# [Given data]
+++++

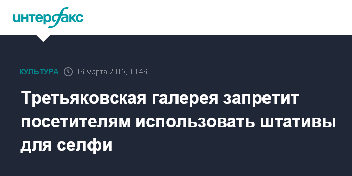 Москва. 16 марта. INTERFAX.RU - Государственная Третьяковская галерея запретит посетителям использовать штативы для съемки селфи, сообщает "М24".
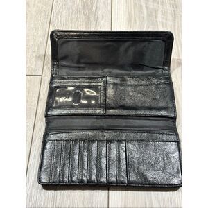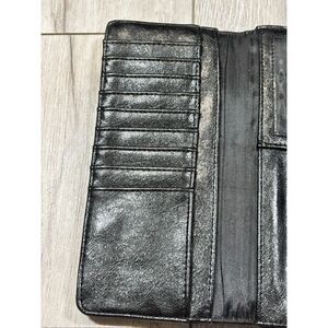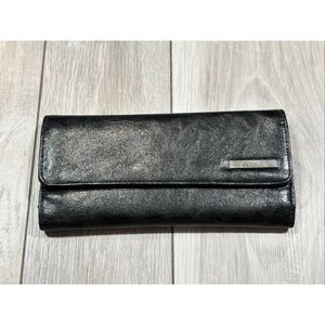 This sleek black clutch is perfect for any occasion. Its elegant design adds a touch of sophistication to your outfit.
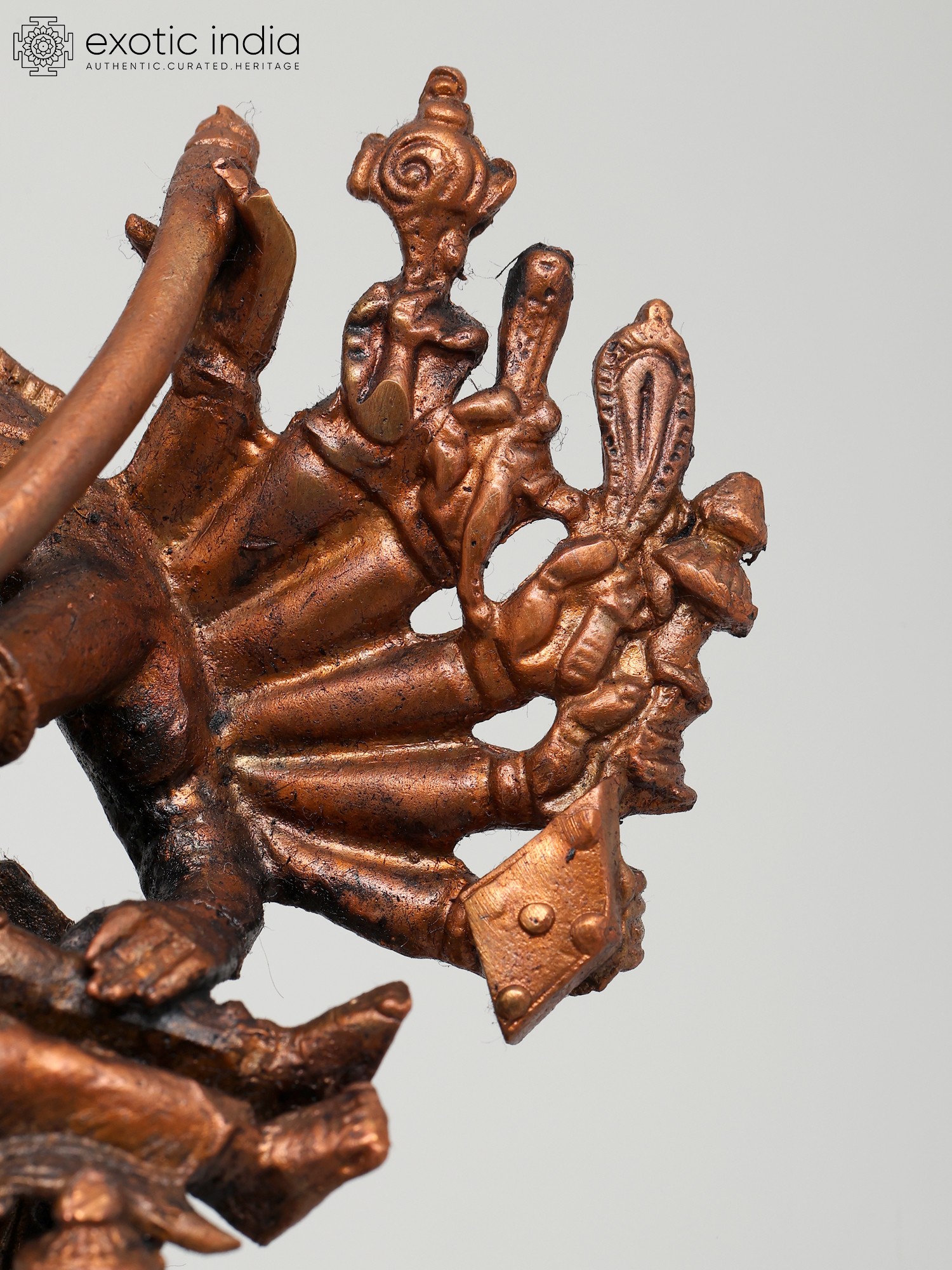 5" Copper Statue of Lakshmi Narasimha Seated on Sheshnag

+++++

# [What you are asked to do]
Print the full listing exactly, dropping the pictures.

# [Response for this exercise]
 Москва. 16 марта. INTERFAX.RU - Государственная Третьяковская галерея запретит посетителям использовать штативы для съемки селфи, сообщает "М24".
 This sleek black clutch is perfect for any occasion. Its elegant design adds a touch of sophistication to your outfit.
 5" Copper Statue of Lakshmi Narasimha Seated on Sheshnag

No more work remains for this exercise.